「ダーウィンの遺産」(著・渡辺正隆)進化学者の系譜
毎週録画して、時間のある時に観ているのがNHKの「ダーウインが来た」だ。ほとんどの番組がバラエティー化して、動物番組も動物の赤ちゃんでお茶を濁す、
そんな中にあって、この番組はレベルが高い。そのダーウィンの残した偉大な功績を記す。
ダーウィンはコロンブスと同じように、キリスト教の教えがほとんどの事象に信じられていた時代に、全ての生き物の元は同じだと神が人間を神に似せて作ったとしていたことに対して
ダーウィン的転換をしたのだ。
ダーウィンは200年前の人だ。ダーウィンは
ビーグル号に乗ってガラパゴス諸島に上陸する。そこで見た動物から進化論が生まれた。
この本は進化論をめぐる学者達の関係や主張を詳細に書き出し動物の謎を解き明かす。
沢山の学者が出てくる上にメンデルの法則に見られる配列の数式等、難解なところがある。理解不能な部分は読み飛ばしたが大枠を掴むだけでも進化論がいかに困難な問題を抱えながら、新たな
科学によって修正されて今に至ったかということがわかる。
いくつか挙げると、キリンの首は高い木の食べ物を食べるように伸ばし続けたから長くなったのではない、首の長いキリンが遺伝を引き継いで長くなったとか、サルが立って人間になったのではなくて、立つサルがサルから別れて人間の祖先になったとする。
同じようだが大いに違う。
人とチンパンジーのDNA(塩基配列)は98%同じだというと気分が悪くなる人がいるが、その2%がすごく違う、それは
98%の素材で作る料理を考えれば全く違うからだ。
動物のことを知ると人間の事がよくわかる。
利己的遺伝子と利他的遺伝子というのがある、自分のために行動するか、他者のために犠牲になるかということだ。働き蜂は生殖能力を持たないが女王蜂のために働く、それが利他的というものだ。より大きな目で見ればその方が強い子孫を残せるからだ。
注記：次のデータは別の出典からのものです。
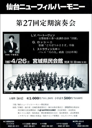 いつの間にか「4連休」などというものが出来ていたので、とりあえず暦通りに休みを取りました。その連休のコンテンツの一つが、「東京オリンピックの開会式」をお祝いする日だったということも、今になって分かったのですから、なんだか不思議な気がします。だったら、これからは今までの10月の「体育の日」の他にもう1回7月にスポーツ関係の祝日が増えるのだろう、と思ったら、実はこれは単に今までの「体育の日」が改名しただけのことだったのですね。つまり、今回のオリンピックの開会式はかつての10月から7月に変わってしまったので、祝日もシフトさせた、ということのようですね。 でも、その日には開会式は行われないということはだいぶ前に決まっていたのですから、そんな日に休むことに何の意味があるのだ、という気もしますよね。何の意味もないのに、決まっていることだと言って突っ走るのは、この国の人たちの悪い癖です。 でも、そんなにお休みがあったので、このところの懸案事項の、ニューフィルのサイトの整備に時間をたっぷりとることが出来ました。これまでは全ての定期演奏会プラスアルファの音源を直に聴けるようにする、という作業に邁進していたわけですが、それもほぼ完成間近になっています。 それをやっている過程で、初期のころの演奏会の音は聴けるようにはなったのですが、チラシなどがアップされていないものがあることに気づきました。公式サイトが出来たのが20年ぐらい前になるのですが、それ以前のものは文字情報だけで、チラシなどは見られなかったのですね。私がニューフィルに入ってからは、そういう資料は全て保存してありますから、とりあえずチラシだけをスキャンして、アップしてみました。これは、別に認証も必要ありませんから、公式サイトから「歴史」を開いて、演奏会のタイトルをクリックするとチラシのあるページが開くようになっていますから、ご覧になってみてください。 そんな中から興味あるものを少しご紹介しますね。 ![]() ![]() ![]() この中にあるもっとも古いチラシがこれです。私がニューフィル・デビューをした時です。 ![]() |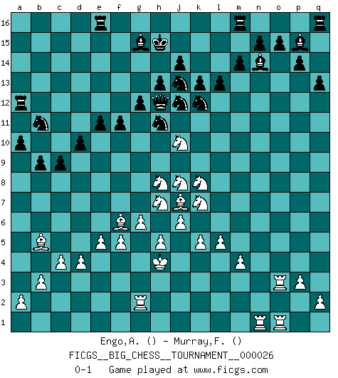 Last move : 0-1 2009 January 20 19:26:20 [Event "FICGS__BIG_CHESS__TOURNAMENT__000026"] [Site "FICGS"] [Date "2008.08.16"] [Round "1"] [White "Engo,Arne Sigvald"] [Black "Murray,Findlay"] [Result "0-1"] [WhiteElo ""] [BlackElo ""] 1.f2-f4 j15-k13 2.l2-l4 c15-c13 3.g2-g4 h16-o10 4.j2-h4 o10-o2 5.k2-k4 d15-d13 6.h1-k3 b16-c14 7.e2-e3 p15-p14 8.c2-c3 o16-p15 9.k3-f7 f15-f13 10.k1-l3 m15-m14 11.g1-f3 l16-n14 12.f7-c7 e15-e13 13.n2-n3 o2-o10 14.d2-d4 b15-b13 15.p1-o3 a15-a13 16.m2-m4 c13-c12 17.j3-j4 b13-b12 18.e3-e4 b12-b11 19.j4-j5 a13-a12 20.f4-f5 c16-e14 21.f1-b5 g16-j15 22.l4-l5 p16-o14 23.c1-j7 c14-a13 24.b1-d2 d13-d12 25.h4-j6 c12-c11 26.e4-e5 a12-a11 27.l1-f6 g15-g13 28.j6-h8 e13-e12 29.d2-e4 f16-g15 30.h2-j4 d12-d11 31.h3-h4 o10-n10 32.e1-g1 n10-n3 33.j1-k2 k16-m15 34.m1-m3 n3-o4 35.f3-g5 a11-a10 36.p2-p3 o4-l7 37.l3-k5 l7-d14 38.o1-p2 b11-b10 39.o3-n5 a13-b11 40.g5-f7 h15-j13 41.h4-h5 j16-h15 42.e4-g5 c11-c10 43.k5-h6 c10-c9 44.k2-j3 d11-d10 45.g1-g2 e14-d13 46.k4-k5 e12-e11 47.p2-g10 f13-f12 48.g10-d13 d14-d13 49.b2-b3 f12-f11 50.j5-j6 a16-a12 51.g5-h7 g13-g12 52.j3-h4 o14-m13 53.g4-g5 l15-l13 54.n5-m7 m15-k14 55.g5-g6 h14-h13 56.m7-k8 b10-b9 57.j4-k6 j15-g14 58.q1-o1 k13-h12 59.m3-o3 m13-k12 60.f7-g9 k14-j12 61.h6-k7 k15-k13 62.a1-n1 q15-q13 63.c3-c4 j13-h11 64.k6-j8 g14-j13 65.c7-h12 d13-g13 66.g9-j10 g13-h12 0-1 This big chess game has been lost on time (started : 2008.08.16 2:42:46) Follow this game move after move (download)Chess is a fighting game which is purely intellectual and includes chance. (Richard Reti) Im Leben werden Partien nie so unstrittig gewonnen wie im Spiel (Emanuel Lasker) No existe un remordimiento como el remordimiento del Ajedrez. (H. G. Wells) Le système Elo représente seulement une moyenne. Il est simplement un indicateur de votre stabilité. (Anatoli Karpov) The weakness of an artist is dogma. (Josh Waitzkin)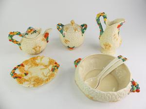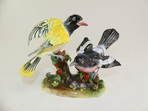 crown staffirdshire j.t. jones porcelain bird group, 7" x 8"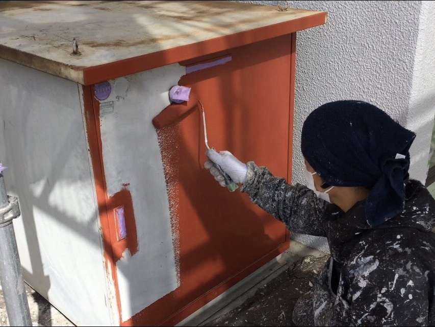 貯水タンクや鉄骨の錆止めになります。錆の進行を防ぐ為にたっぷりと塗り込みます。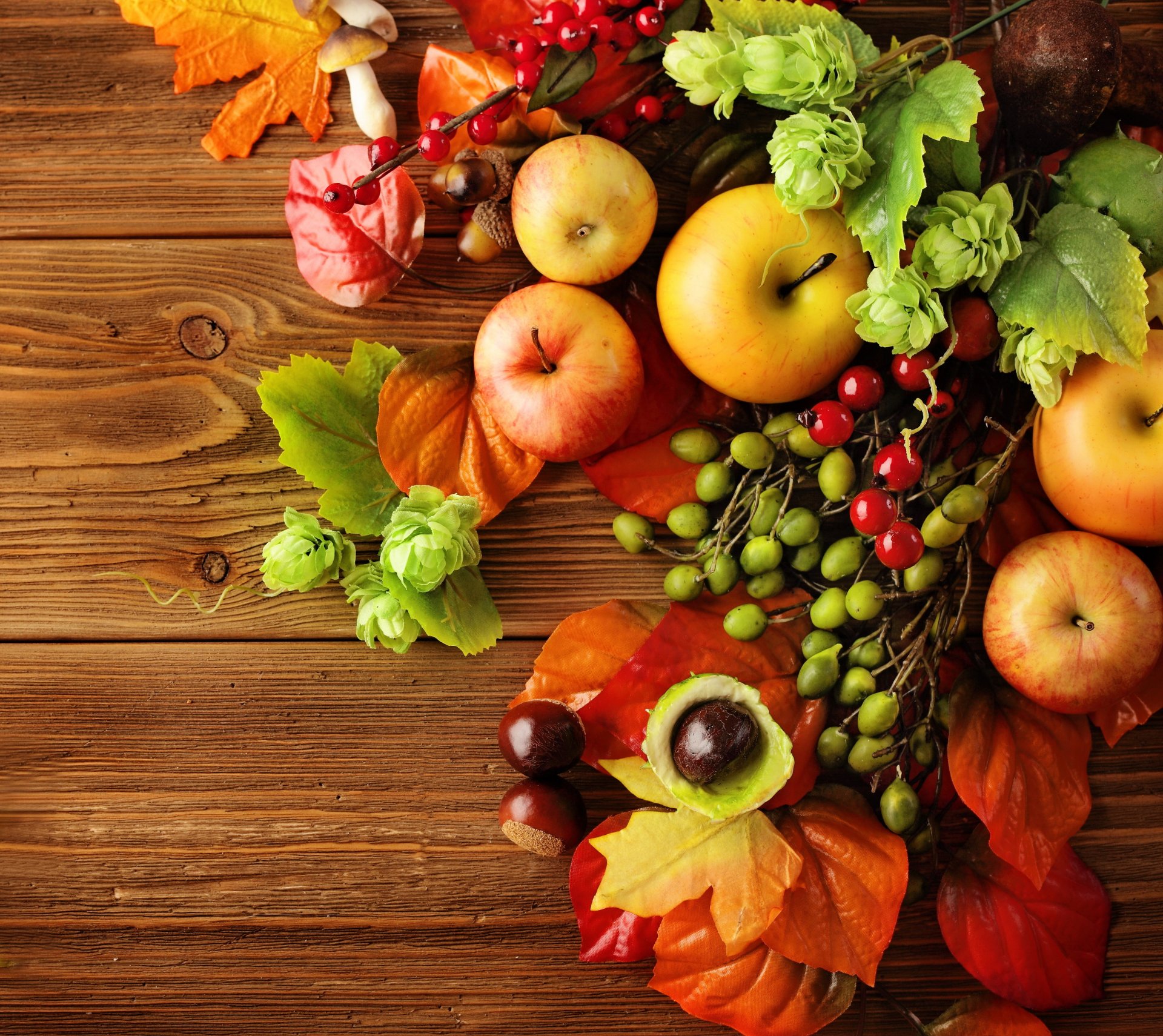 Fruit fantasy with apples and mushrooms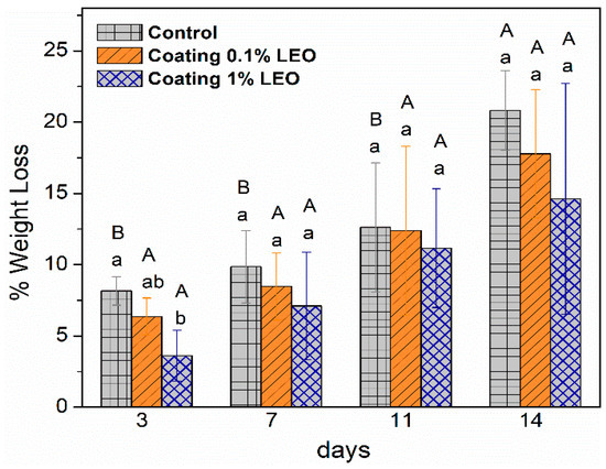 Weight loss percentage of coated and uncoated (control) fresh-cut apples with different treatment during storage at 4 °C. Means with the same letters (lowercase: amongst different treatments for the same time; uppercase: for the same treatment during different storage times) are not significantly different according to Tukey’s test (p > 0.05). Vertical bars indicate standard deviation.

人は自分を大切するが利他は家族、親類、地域と広がる、国家のために利他が働くと考えればナショナリズムは分かり易い。
利他はより広い目で見る遺伝子から生まれる。
領土問題も利他で見れば世界の中で考えられる。
戦争のない世界は究極の利他で生まれる。人間が進化するには、この利他の多い人を受け継ぐ遺伝子が必要だ。
残念ながら、時の首相はこの遺伝子が少ないようだ。